In the midst of a warm, spring baseball practice, I could hear my coach yelling, “Don’t be afraid to get dirty, that’s why your mom has a washing machine!” At 13 years old, our team simply got a laugh out of the statement, unwilling to look beyond its verbal façade. As time went on, I began to find that by making this subtle declaration, our coach was demanding that we give our absolute full effort every time we stepped onto the field, and that we play as if it is the last time we will ever do so. Although this belief was initially introduced to me on the playing field, it shouldn’t be applied exclusively to sports; this belief is also an extended metaphor for giving your full effort in everything you do in life. Like in the sporting world, life will always throw you seemingly insurmountable challenges, or “curveballs”, where success appears improbable. However, it is essential to look beyond all expectations and strive to give the utmost effort in all endeavors, which is why I believe in getting dirty.

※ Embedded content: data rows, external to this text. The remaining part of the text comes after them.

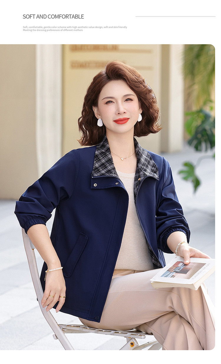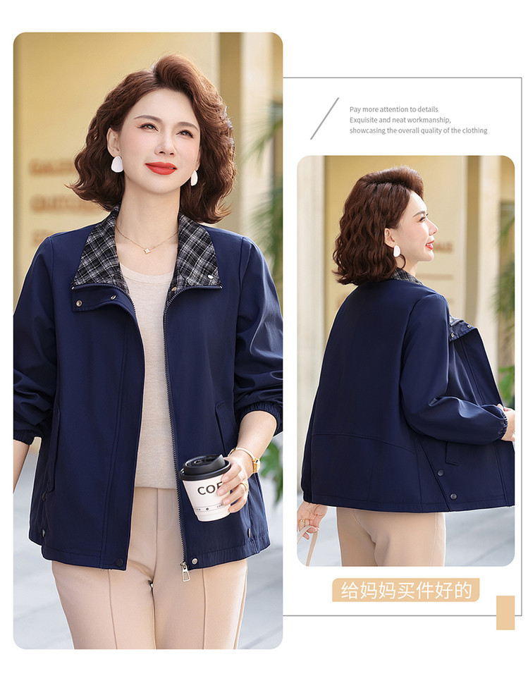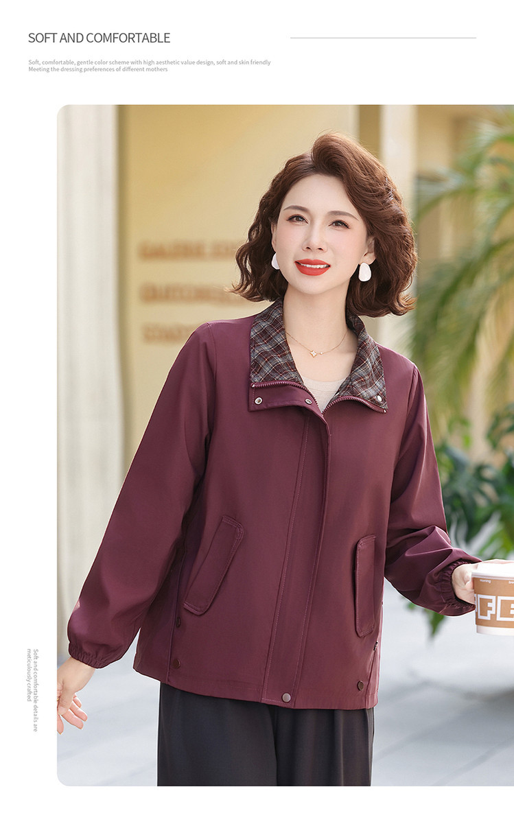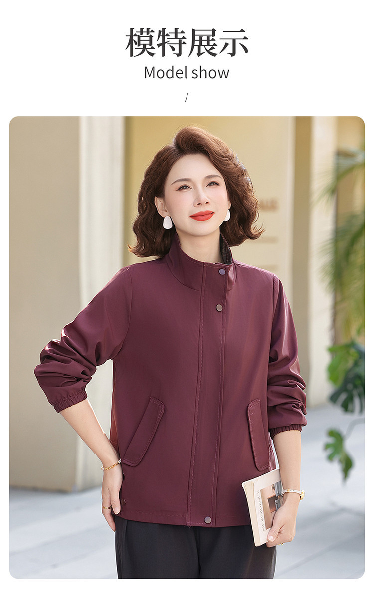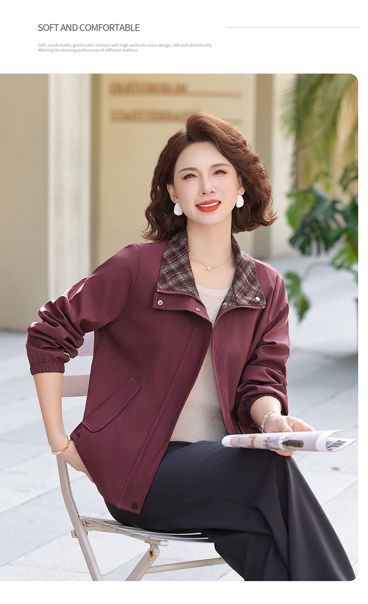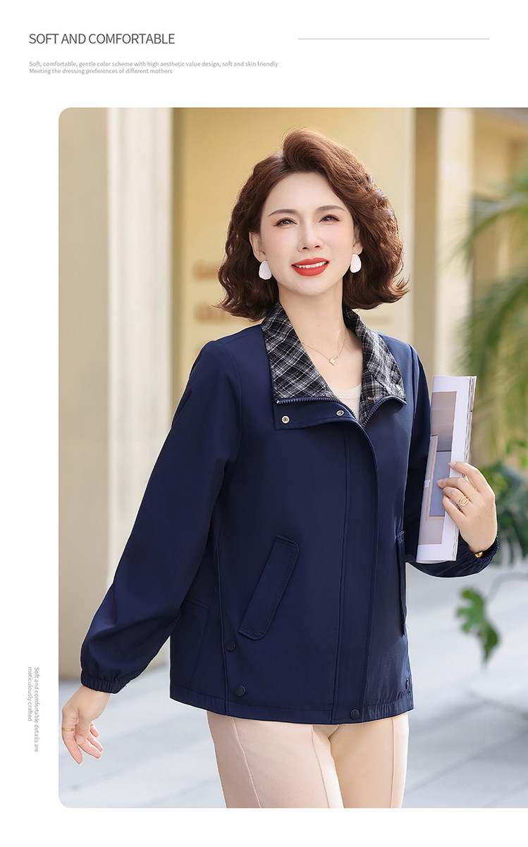 妈妈春装外套短款洋气风衣薄款翻领新款中老年女春秋夹克时尚上衣
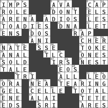 ACROSS 1. Naughty children 5. Actress Gardner 8. Head covering 11. Hero or heavy, e.g. 12. Do not 14. Raised railways 15. Sports stadium 17. Goodbye (Sp.) 18. French article 19. Sycophants 21. Heredity factor (abbr.) 22. Allow 23. Followers of ems 24. Two (Sp.) 25. Hit sharply and swiftly 27. Cuckoo 28. "Mermaids" star 31. Nathan's nickname 35. Compass dir. 37. Casino tip 38. Of or related to the anus 39. Affectionate concern, for short 41. Washington bills 42. Exchanged or delivered for money 43. Big collection agency 45. A home for chicks 46. Story 47. Greek goddess of the dawn 49. Three (prefix) 51. 100% 52. Lion 55. Mouth or opening 57. Teachers' org. 60. Pulling into pieces 62. Set 63. Cell (Danish) 65. Add up to 66. Compass dir. 67. Mountain range southwest of Kyrgyzstan 68. Wig 69. Begley and Asner 70. Indian title of respect (Mr.) 71. Ancient Greek god of war DOWN 1. Feeling or showing extreme anger 2. Person of subnormal intelligence 3. Entreaties 4. Post 5. Find the sum of 6. Empty area or space 7. At once, immediately (arch.) 8. Portable communications device 9. Toward shelter 10. Inconspicuous attention getter 13. Russian ruler of old 16. Opera by Verdi 17. Help 20. Immeasurably long periods of time 26. Gambison 29. Makes supply last 30. Remainder 31. Political cartoonist Thomas 32. Small Philippine buffalo 33. Baron Munchausen's specialties 34. A person who is older than you are 36. Connecticut Ivy Leaguer 40. Make 44. Not divided or shared with others 48. Narrow board 50. South American Indian 52. 61 cubic inches 53. Related on the mother's side 54. Stares at amorously 55. Double curve, resembling the letter S 56. Tear apart 58. Snakelike fish 59. Having or resembling wings 61. Roll call or roster of names 64. Cards in a Roman deck?
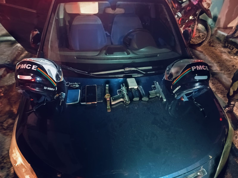Ainda de acordo com o registro da ocorrência, os criminosos não obedeceram a ordem de parada dos policiais e tentaram fugir. Os policiais, então, solicitaram apoio, capturando os suspeitos na rua Tabatinga. Foram ainda apreendidas duas pistolas, uma de calibre 9m e outra de calibre 380. O motorista foi libertado do porta-malas do veículo.

This whole metaphorical idea of “getting dirty” was not something that was new to me the first time I heard it echo from my coach’s mouth. When I was growing up playing baseball, my father initially instilled in me the idea that giving everything I have on the field is something that would earn me respect from teammates and opponents alike. I was undersized throughout my childhood and I needed to give more than my full effort to keep up with the pace set by the bigger kids. I made a promise to myself that I would not come home from a practice or a game without getting my uniform dirty. In the game of baseball, having a dirty uniform is indicative of effort and hard work, and I wanted to be associated with those qualities at all costs. This wasn’t only because I wanted others to see me in this light, but because I wanted to prove to myself that I could give nothing short of my best every time I stepped onto the diamond. Striving for this soiled look pushed me to play harder than ever before, which meant trying to advance that one extra base or diving for balls that before seemed not worth making an attempt at. If I failed, it wasn’t going to be because I didn’t try hard enough.
As I grew older and my baseball career gradually came to an end, I was slowly coming to the full realization that soon enough I would be playing my final game. I began to appreciate the way I was taught to approach the game growing up, never giving anything less than my all. I now knew that the most important part of this whole belief is not that I emerge from every situation as the victor, because that is an unrealistic expectation, but that my undying effort will put me in a favorable position. Continually resonating inside my head were my coach’s insightful words of wisdom, which, at the time, may have seemed like they were said for the sake of humor. But the more I heard them, the more I saw beneath the comedic overtone. That everlasting quote was a message of inspiration, an attempt to shift our team’s approach on the field in hopes that it would carry over to our everyday lives.